How to get the most out of a piece of cardboard

Flickr/rachel a. k.
Flickr/rachel a. k.

 

I first met my friend Jimmy when we were 13 years old and he walked into the gym where the basketball team was practicing. He had just moved to our town. He had missed the opening two weeks of practice, and though we had an excellent cocky starting point guard, by the end of practice Jimmy was the starting point guard. I remember that he wore battered low-cut black Converse sneakers with sagging old socks like the great Pistol Pete Maravich. He wore those sneakers all year long, whether we were practicing or playing league games or playing pickup in the park. One Saturday we played two hours of pickup in the park and afterward we sprawled exhausted in the grass, and when we took our sneakers off, I noticed that he had layers of thin gray cardboard in his sneakers. Idly I flipped over his sneakers and noticed serious holes in the toes and heels. I didn’t say anything, and he didn’t say anything, and after a while we put our sneakers back on and went to play one more game to 15 just because.

We were talking about basketball the other day, and he said, Oh yes I remember that cardboard. I used to collect cardboard for just that reason.
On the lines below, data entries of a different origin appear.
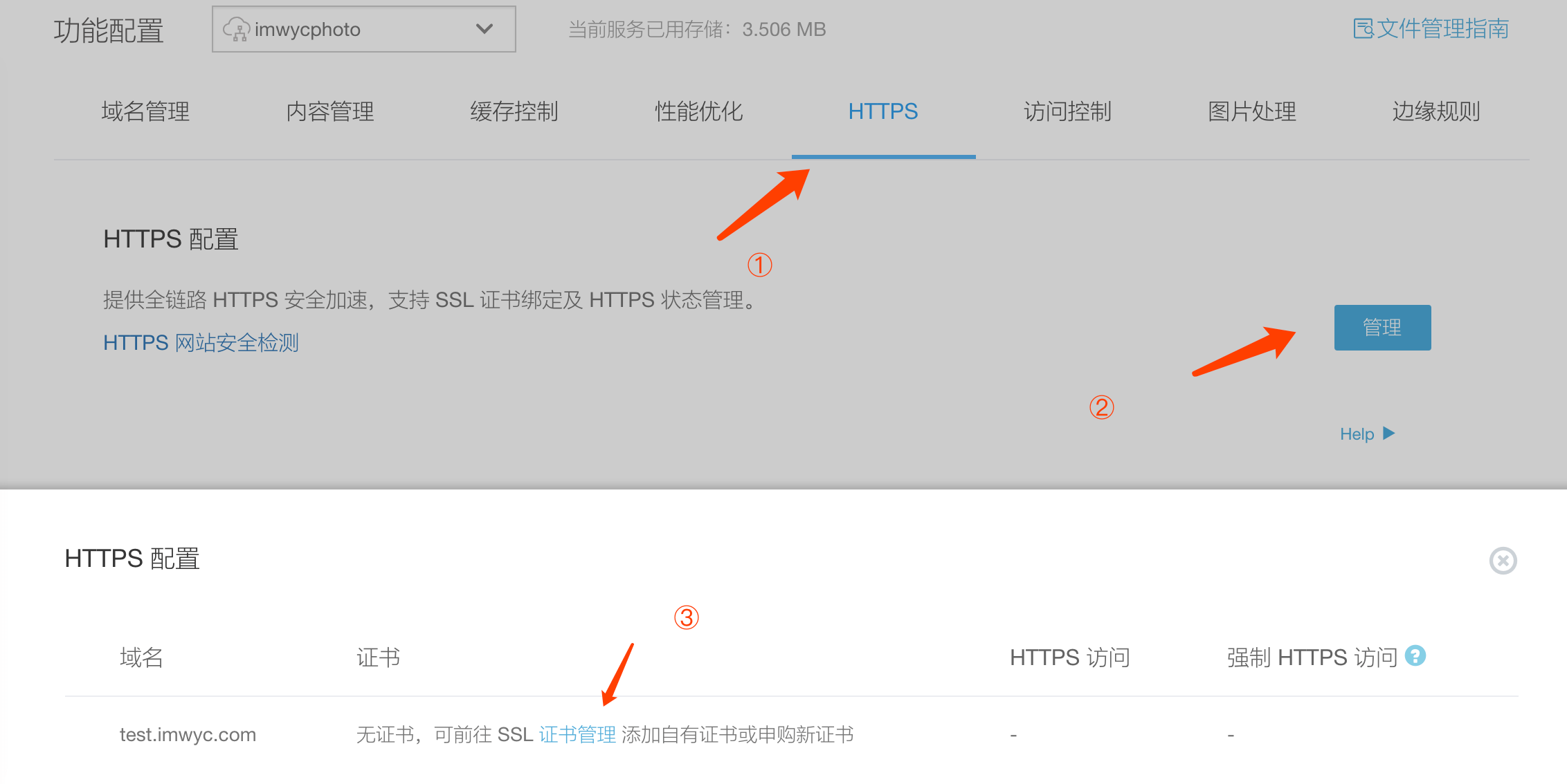 下面,为自定义域名开启https(可选)。如下图所示,依次点击进入证书管理。
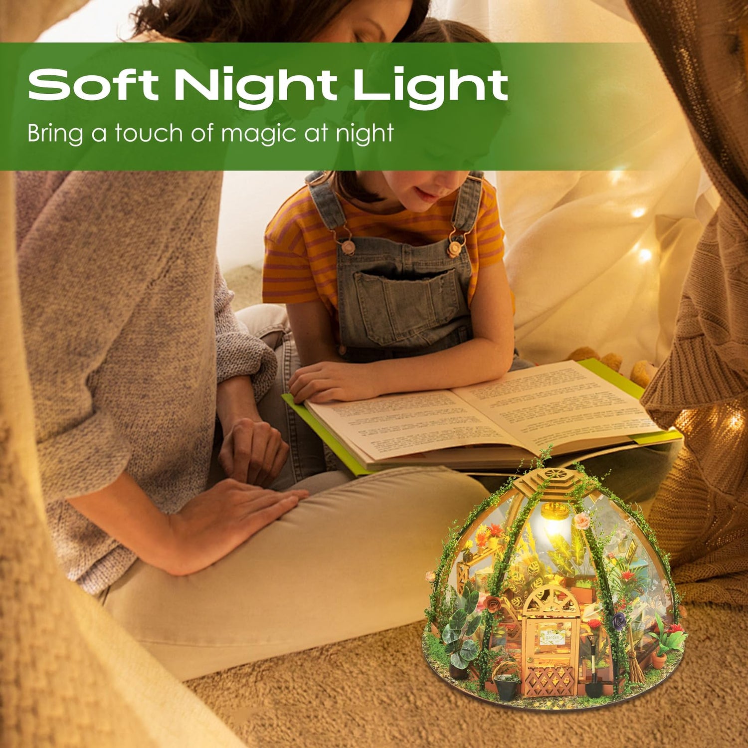 - Eye-Catching Corner with Cozy Glow:Flower House features a transparent, pointed-arch structure and a variety of plants, creating a lush, botanical greenhouse.Turn on the LED lights and the soft lighting instantly turns any room into a serene oasis. Perfect for that "wow" moment when guests see it
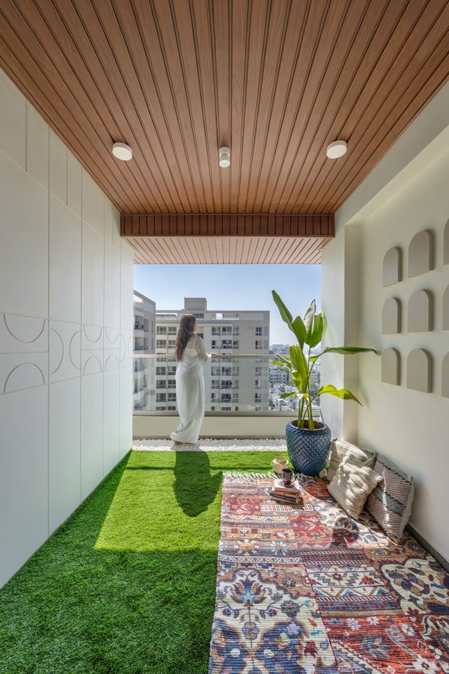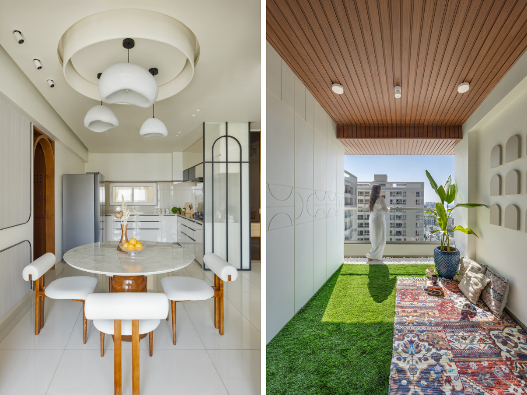 The designers create the living and dining areas as a single, cohesive volume and connect them visually to the balcony beyond. Rather than treating the balcony as a separate element, the interiors extend outward through aligned sightlines, restrained detailing, and consistent material choices.
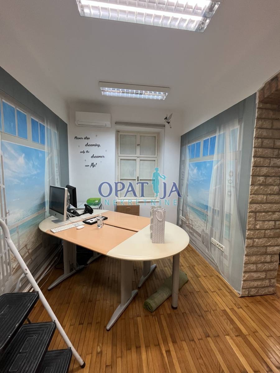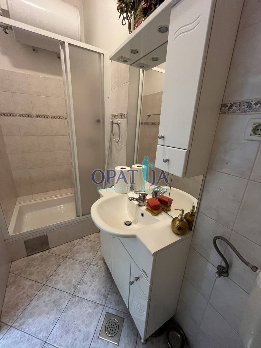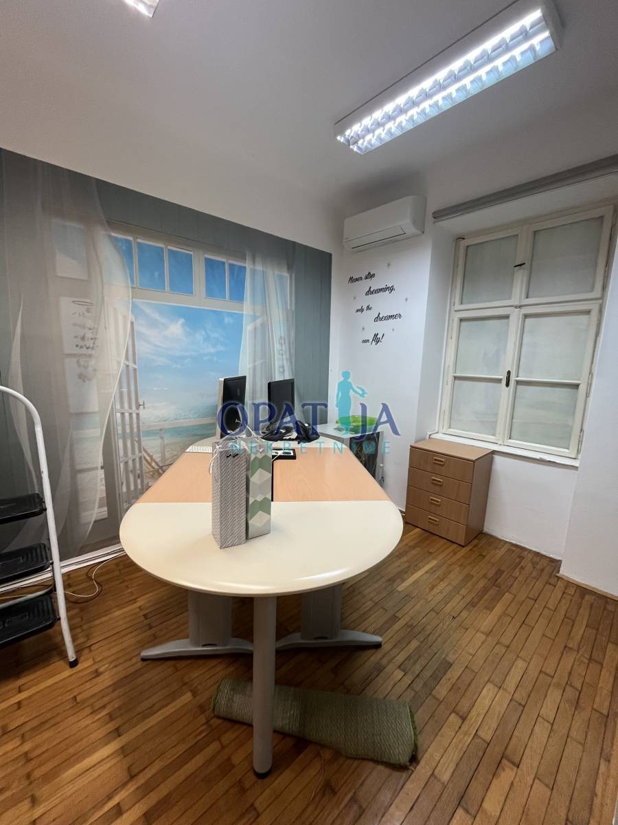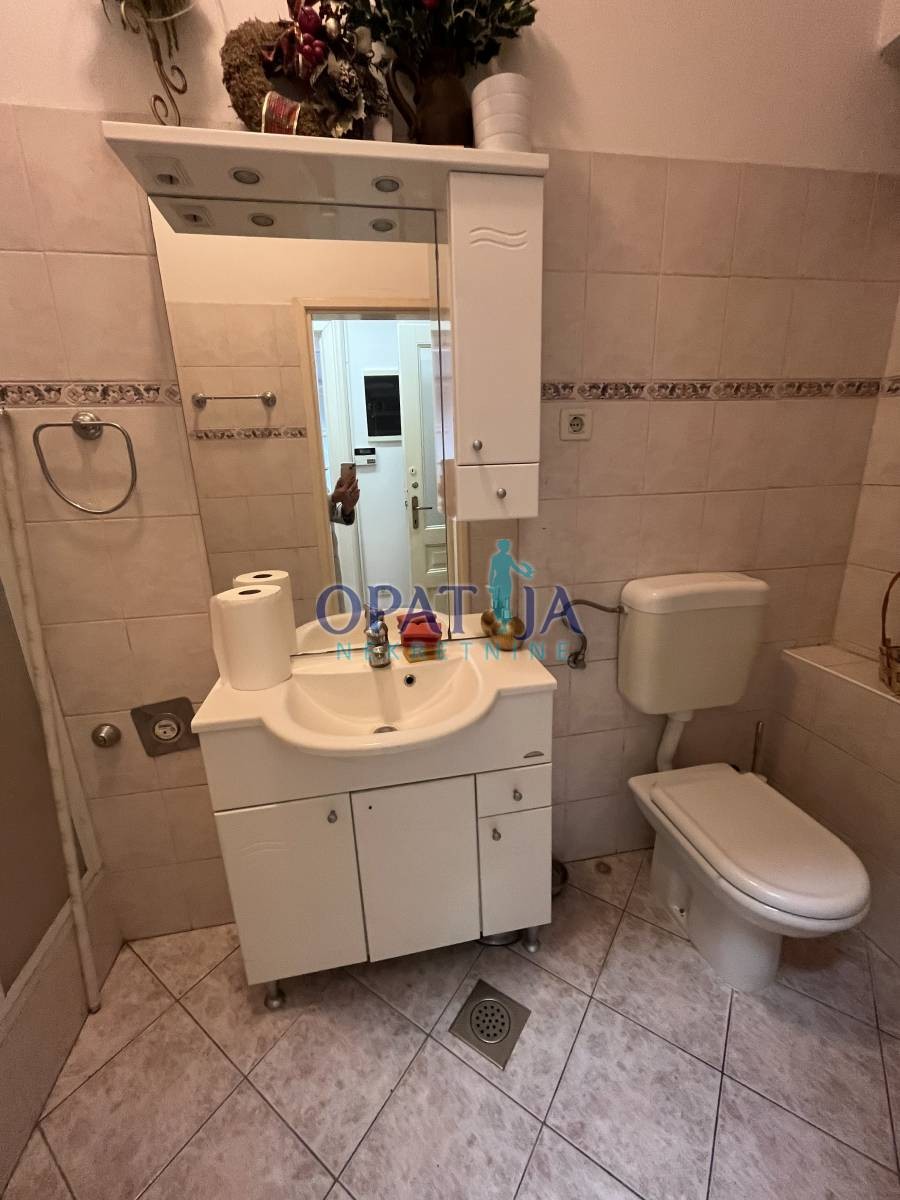 Stan u strogom centru Opatije veličine 60 m2 sa terasom i drvarnicom. Nalazi se u stambenoj zgradi u visokom prizemlju. sačinjavaju ga ulazni hodnik, kupaona, kuhinja i dvije sobe. pripada mu i mala ostava na istoj etaži. Stanu je potrebna lagana adaptacija. Zbog blizine svih sadržaja stan je vrlo interesantan i za starije osobe jer nema puno stepenica.
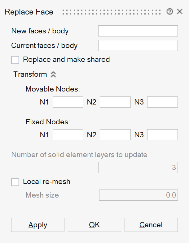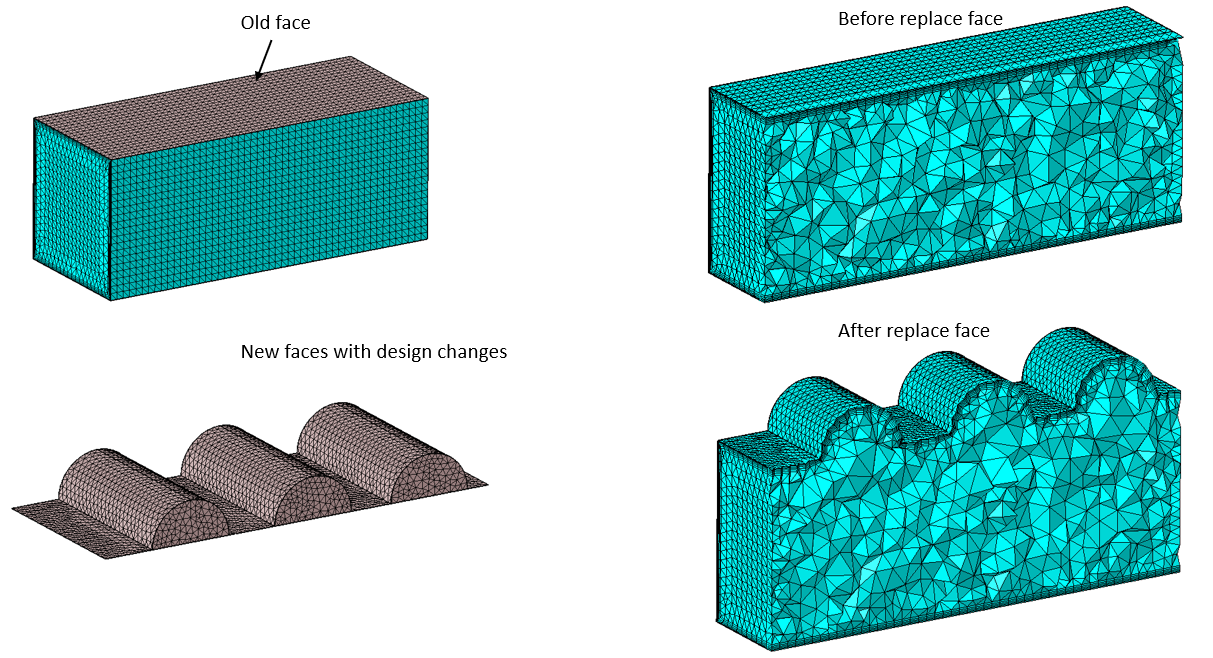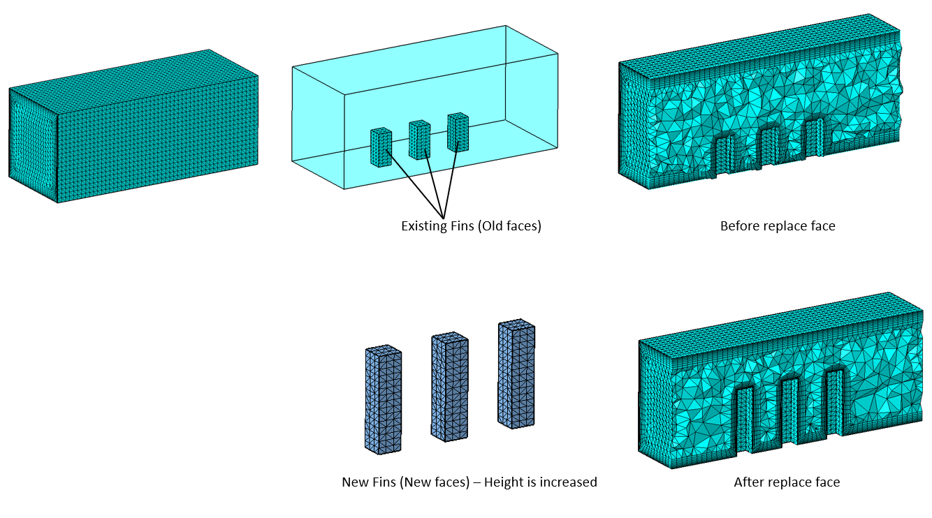 The given number of solid element layers connected to the current faces will get modified with the replace operation. If the geometry of the new faces doesn't match with the current faces, then the solid elements to be modified will get identified automatically.
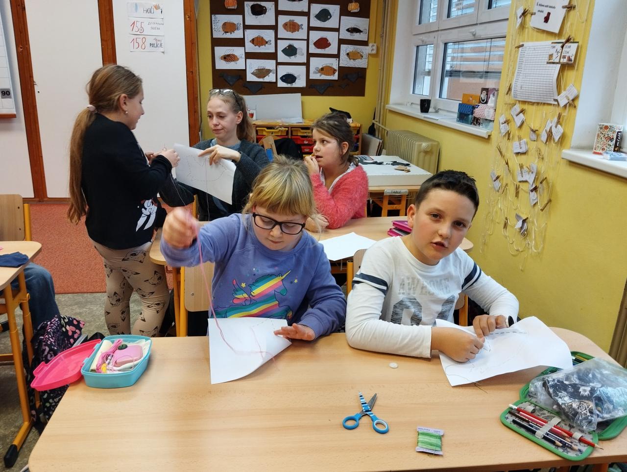 16. 11. Učíme se šít- přišíváme knoflíky, vyšíváme obrázky
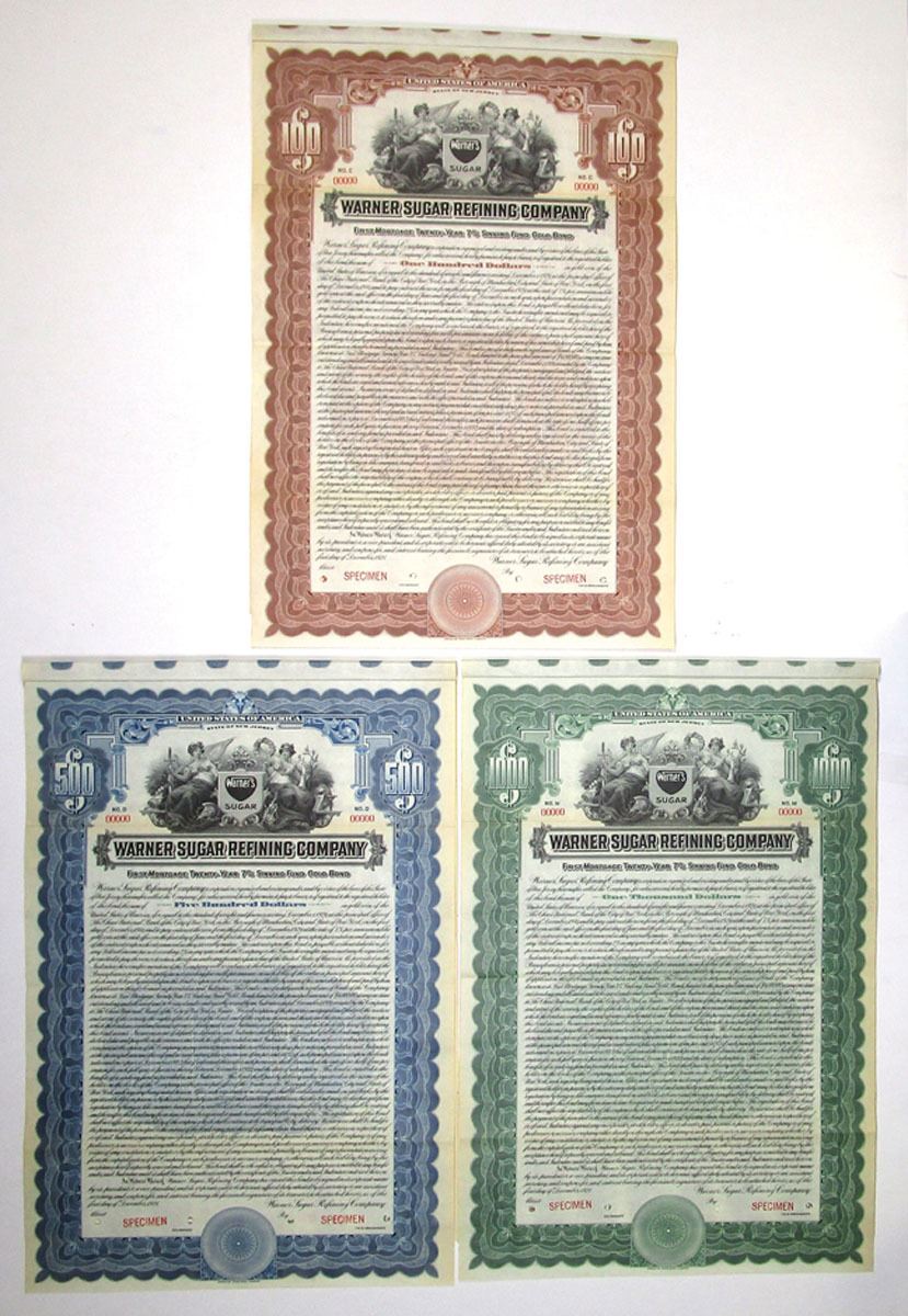 New Jersey, 1921. Lot of 3 Specimen 7% First Mortgage Sinking Fund Gold Coupon Bonds, including: $100 with brown border; $500 with blue border; and $1000 with green border. All have the same vignette of company logo flanked by allegorical women at top center. All have Specimen overprints and POCs, and range from Fine to VF condition. ABNC. (3). Sold "AS IS" no returns accepted.
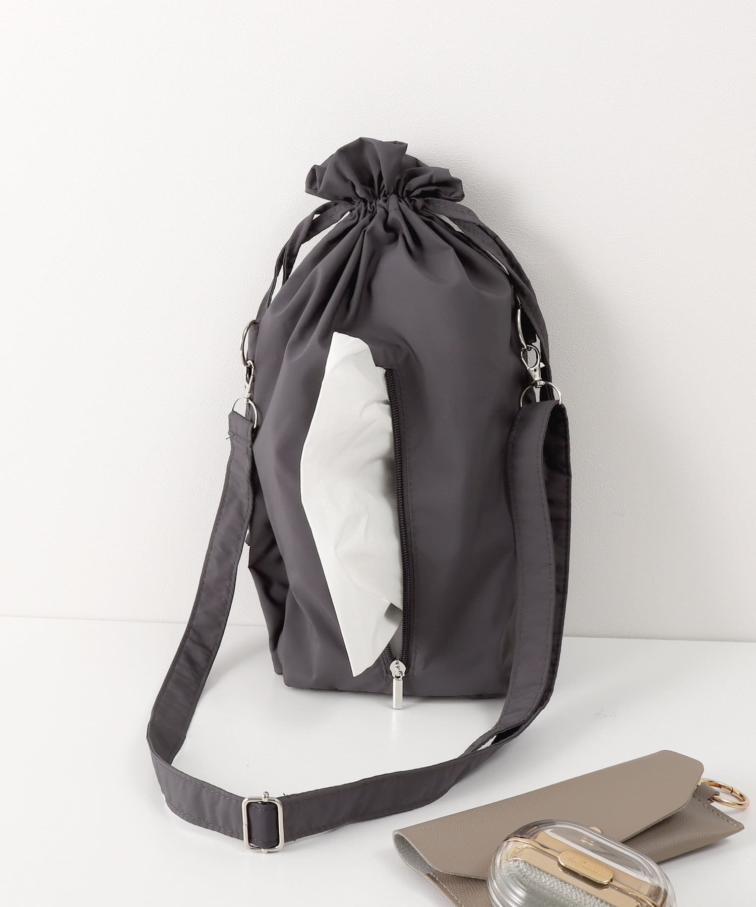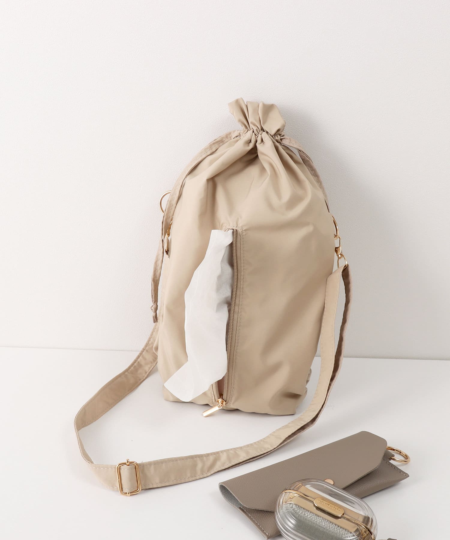 こちらの商品は箱ティッシュがバッグにそのまま入って、財布も小物も入る別ポケット、更に小さいポケットがあり、ショルダーもついています。
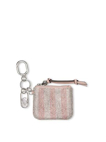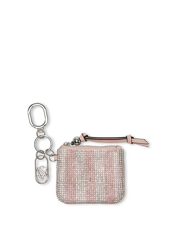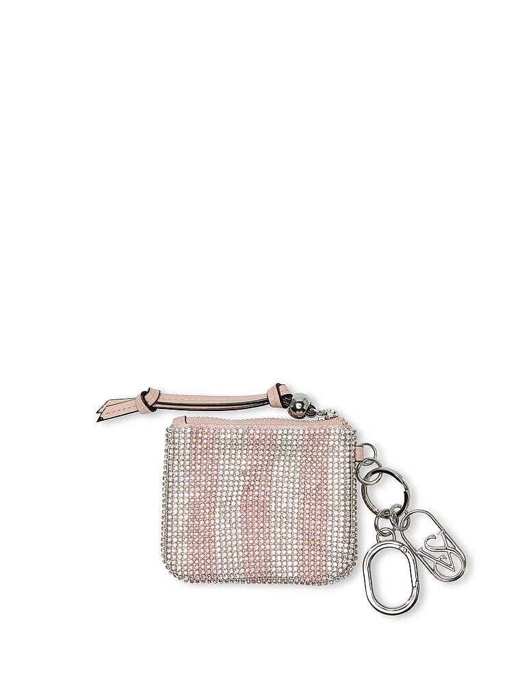 A glittering touch. This pouch keychain features allover crystal embellishments to add a bit of glam wherever you attach it.
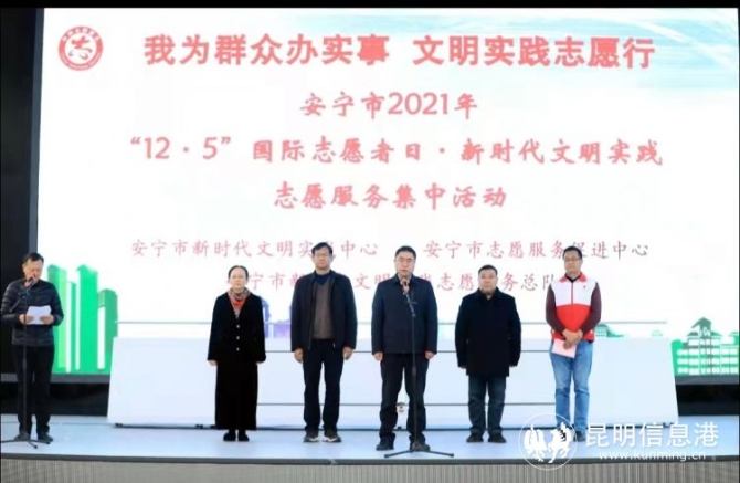昆明信息港讯 记者杨雁 12月4日,安宁市2021年新时代文明实践中心建设工作推进会暨“12·5”国际志愿者日集中活动启动仪式举行。安宁市新时代文明实践中心包括安宁市志愿服务促进中心、安宁市新时代文明实践专项基金、新时代文明实践学校、志愿服务孵化基地、理论宣讲研究室,将成为提升安宁新时代文明实践中心建设水平的有力措施和抓手。
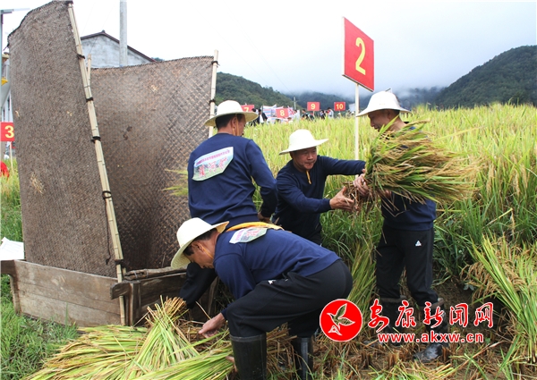 隨著一聲響亮的哨令,來自全縣12個鎮(zhèn)12支參賽隊(duì)伍展開了一場熱火朝天的田間打谷賽。割稻、打谷、捆扎、計(jì)時、稱重……隊(duì)員動作嫻熟,氣氛緊張激烈。歷經(jīng)2個小時的激烈比賽,全縣12個鎮(zhèn)打谷共計(jì)3100斤,南宮山鎮(zhèn)獲得冠軍。

I knew by the time I was 13 that I was on my own. We had no money and then we had no family anymore. I lived in 14 places by the time I was 16. New sneakers were not going to happen. You would be surprised how much cardboard you can collect if you keep your eyes open for it. The thin gray kind is better for sneakers because you can layer it better. The corrugated kind is no good because it gives you blisters. I would put in new cardboard the morning of a game and then break it in all day, so by game time we were ready to go. I should have kept those sneakers but I didn’t. They finally were more holes than sneakers. That was 40 years ago, but I still notice cardboard, sure I do. I don’t save it or anything, but I notice it, sure. Like when you open a box or a ream of paper at the office and there are excellent clean sheets of cardboard, I notice that. It’s not like I think, Hey, I should save those for something, it’s not like that, but some part of me notices them and files away the information, you know what I mean? Default notice function, I guess. Now you got me thinking about those ratty old black sneakers. Man, I lived in those sneakers for a long time. Those were good sneakers. I should have saved them just to be able to notice them once in a while. Not to make a big deal over them but just to see them once in a while huddled in the back of the closet and think, Hey, those were excellent sneakers, you know what I mean?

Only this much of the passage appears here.